— DATA PROVIDED —
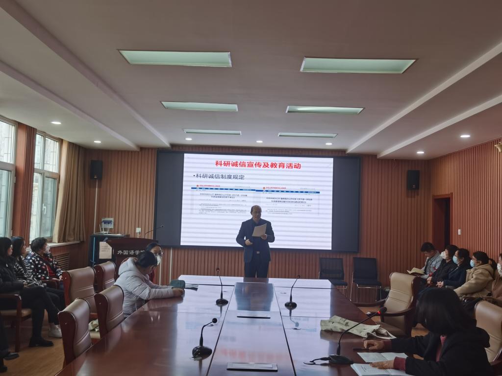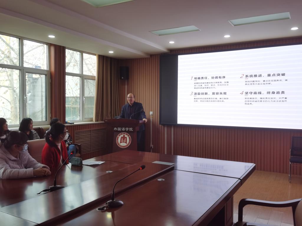 副院长王洪明首先向全体教师介绍了科研诚信专题教育活动的各个环节,进一步强调了加强科研诚信建设的重要性。其次,和全院教师集体学习了中共中央、国务院以及教育部和山东省关于加强诚信建设的系列文件。最后,对科研诚信系列文件的指导思想、基本原则、主要目标等做了进一步解读。王洪明指出,学院要求教师及其指导的本科生和研究生也要坚持科研诚信,规范学术论文和毕业论文写作。学院也将采取系列措施预防学术不端行为,对学术不端行为持零容忍态度,严肃查处违背科研诚信要求行为。同时,学院也要求各教研室继续学习、研讨科研文件,坚决杜绝学术不端行为。
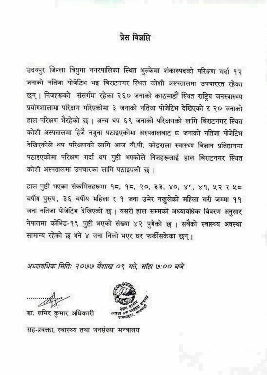 “उदयपुर जिल्ला त्रियुगा नगरपालिका स्थित भुल्केमा शंकास्पदको परिक्षण गर्दा १२ जनाको नतिजा पोजेटिभ भइ बिराटनगर स्थित कोशी अस्पतालमा उपचाररत रहेका छन् । निजहरूको संसर्गमा रहेका २६० जनाको काठमाडौँ स्थित राष्ट्रिय जनस्वास्थ्य प्रयोगशालामा परिक्षण गरिएकोमा ३ जनाको नतिजा पोजेटिभ देखिएको र २० जनाको हाल परिक्षण भैरहेको छ । अन्य थप ६९ जनाको परिक्षणको लागि बिराटनगर स्थित कोशी अस्पतालमा हिजै नमुना पठाइएकोमा अस्पतालबाट ८ जनाको नतिजा पोजेटिभ देखिएकोले थप परिक्षणको लागि आज वी.पी. कोइराला स्वास्थ्य विज्ञान प्रतिष्ठानमा पठाइएकोमा परिक्षण गर्दा थप पुष्टी भएकोले निजहरूलाई हाल बिराटनगर स्थित कोशी अस्पतालमा उपचारका लागि पठाइएको छ ।
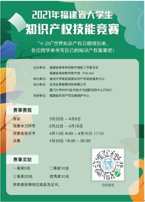 “全面加强知识产权保护,推动构建新发展格局”,以“4·26”世界知识产权日为契机,福州大学图书馆、高校国家知识产权信息服务中心积极开展知识产权宣传月活动,并于近日圆满收官。
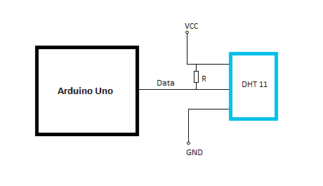 Der digitale Sensor ist in der Lage sowohl die Temperatur in Grad Celsius sowie die relative Luftfeuchtigkeit in Prozent zu messen. Im Unterschied zu den zuvor behandelten Sensoren, benötigt jeder Sensor dieses Typs eine eigene Datenleitung. Eine Kommunikation mehrer Sensoren über den One Wire Bus ist also nicht möglich. Die Gemeinsamkeit ist allerdings, dass der DHT11 auch nur drei Pins benötigt. Zwei Pins für die Spannungsversorgung und einen zum Anschluss der Datenleitung. Die Pinbelegung des Sensors ist in der folgenden Abbildung dargestellt:

— YOUR GOAL —
Would you copy all the material exactly, dropping the pictures?

— TASK ANSWER —
 副院长王洪明首先向全体教师介绍了科研诚信专题教育活动的各个环节,进一步强调了加强科研诚信建设的重要性。其次,和全院教师集体学习了中共中央、国务院以及教育部和山东省关于加强诚信建设的系列文件。最后,对科研诚信系列文件的指导思想、基本原则、主要目标等做了进一步解读。王洪明指出,学院要求教师及其指导的本科生和研究生也要坚持科研诚信,规范学术论文和毕业论文写作。学院也将采取系列措施预防学术不端行为,对学术不端行为持零容忍态度,严肃查处违背科研诚信要求行为。同时,学院也要求各教研室继续学习、研讨科研文件,坚决杜绝学术不端行为。
 “उदयपुर जिल्ला त्रियुगा नगरपालिका स्थित भुल्केमा शंकास्पदको परिक्षण गर्दा १२ जनाको नतिजा पोजेटिभ भइ बिराटनगर स्थित कोशी अस्पतालमा उपचाररत रहेका छन् । निजहरूको संसर्गमा रहेका २६० जनाको काठमाडौँ स्थित राष्ट्रिय जनस्वास्थ्य प्रयोगशालामा परिक्षण गरिएकोमा ३ जनाको नतिजा पोजेटिभ देखिएको र २० जनाको हाल परिक्षण भैरहेको छ । अन्य थप ६९ जनाको परिक्षणको लागि बिराटनगर स्थित कोशी अस्पतालमा हिजै नमुना पठाइएकोमा अस्पतालबाट ८ जनाको नतिजा पोजेटिभ देखिएकोले थप परिक्षणको लागि आज वी.पी. कोइराला स्वास्थ्य विज्ञान प्रतिष्ठानमा पठाइएकोमा परिक्षण गर्दा थप पुष्टी भएकोले निजहरूलाई हाल बिराटनगर स्थित कोशी अस्पतालमा उपचारका लागि पठाइएको छ ।
 “全面加强知识产权保护,推动构建新发展格局”,以“4·26”世界知识产权日为契机,福州大学图书馆、高校国家知识产权信息服务中心积极开展知识产权宣传月活动,并于近日圆满收官。
 Der digitale Sensor ist in der Lage sowohl die Temperatur in Grad Celsius sowie die relative Luftfeuchtigkeit in Prozent zu messen. Im Unterschied zu den zuvor behandelten Sensoren, benötigt jeder Sensor dieses Typs eine eigene Datenleitung. Eine Kommunikation mehrer Sensoren über den One Wire Bus ist also nicht möglich. Die Gemeinsamkeit ist allerdings, dass der DHT11 auch nur drei Pins benötigt. Zwei Pins für die Spannungsversorgung und einen zum Anschluss der Datenleitung. Die Pinbelegung des Sensors ist in der folgenden Abbildung dargestellt:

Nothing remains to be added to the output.